Sementara, karya-karya yang dianggap vulgar secara visual oleh berbagai pihak (termasuk dari pejabat Kemenbud) dengan konteks pameran, sebenarnya menurut penulis, bisa ditelaah dengan penjabaran konsep strategi parodi dalam seni rupa. Lukisan-lukisan tersebut memang disampirkan sebagai ungkapan bahasa parodi visual, sebentuk dialog visual yang dibangun antar teks (membangun simbol-simbol dan kode-kode di lukisan), yang bertujuan mengekspresikan perasaan tidak puas, tidak senang, tidak nyaman berkenaan dengan intensitas gaya atau karya masa lalu pun situasi riil isu sosial dan kemanusiaan yang dirujuk secara mutakhir, dan menjadi semacam bentuk oposisi atau kondisi kekontrasan dengan maksud menyindir, mengecam, mengkritik, atau membuat satir yang tajam.

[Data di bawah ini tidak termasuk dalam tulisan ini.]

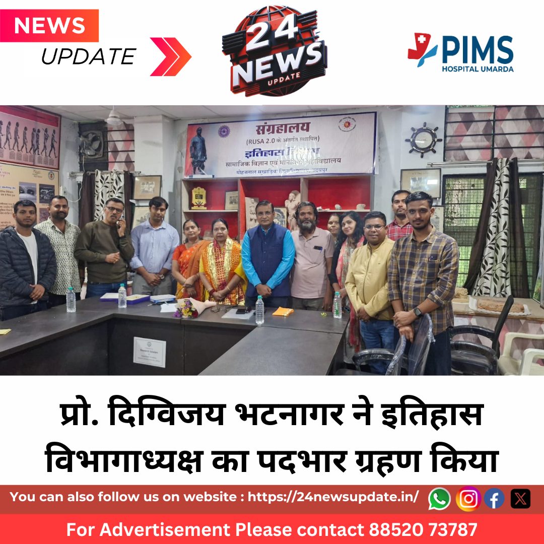 24 News Udpate उदयपुर। मोहनलाल सुखाड़िया विश्वविद्यालय, उदयपुर के सामाजिक विज्ञान एवं मानविकी महाविद्यालय अंतर्गत इतिहास विभाग में आज गुरुवार को प्रोफेसर दिग्विजय भटनागर ने विभागाध्यक्ष पद का कार्यभार ग्रहण किया। इस अवसर पर आयोजित स्वागत कार्यक्रम में डॉ. प्रतिभा (प्रोफेसर एवं पूर्व विभागाध्यक्ष, इतिहास विभाग), डॉ. पीयूष भादविया (सहायक आचार्य, इतिहास विभाग), डॉ. मनीष श्रीमाली (सहायक आचार्य, इतिहास विभाग), डॉ. बालूदान बारहठ (सहायक आचार्य, राजनीति विज्ञान विभाग), श्री नारायण लाल सालवी (अध्यक्ष, मोहनलाल सुखाड़िया विश्वविद्यालय कर्मचारी संगठन), डॉ. महेंद्र सिंह चारण, श्री मोहित सिसोदिया, पायल माली तथा तारा बैरवा सहित इतिहास विभाग के स्कॉलर, छात्र और कर्मचारी उपस्थित रहे।

Dari lukisan Yos yang dianggap "bermasalah", yakni yang berkarakter karikatural, yang imej paras mantan penguasa NKRI memang sejatinya ia (tokoh bermasalah) semenjak berkuasa 10 tahun. Yos Suprapto membayangkan bahwa tanah dan pangan terkait selalu secara sosiologis bernarasi keniscayaan tentang pergumulan "dialektika penguasa dan warga".
Ingatan komunal memberi fakta bahwa konflik agraria terjadi tersebab salah kebijakan yang diterapkan oleh penguasa --- perebutan lahan hak waris tanah adat, UU tentang proyek strategis nasional sampai Ibu Kota Nusantara (IKN) dan lahan-lahan dari komunitas marjinal yang terpinggirkan.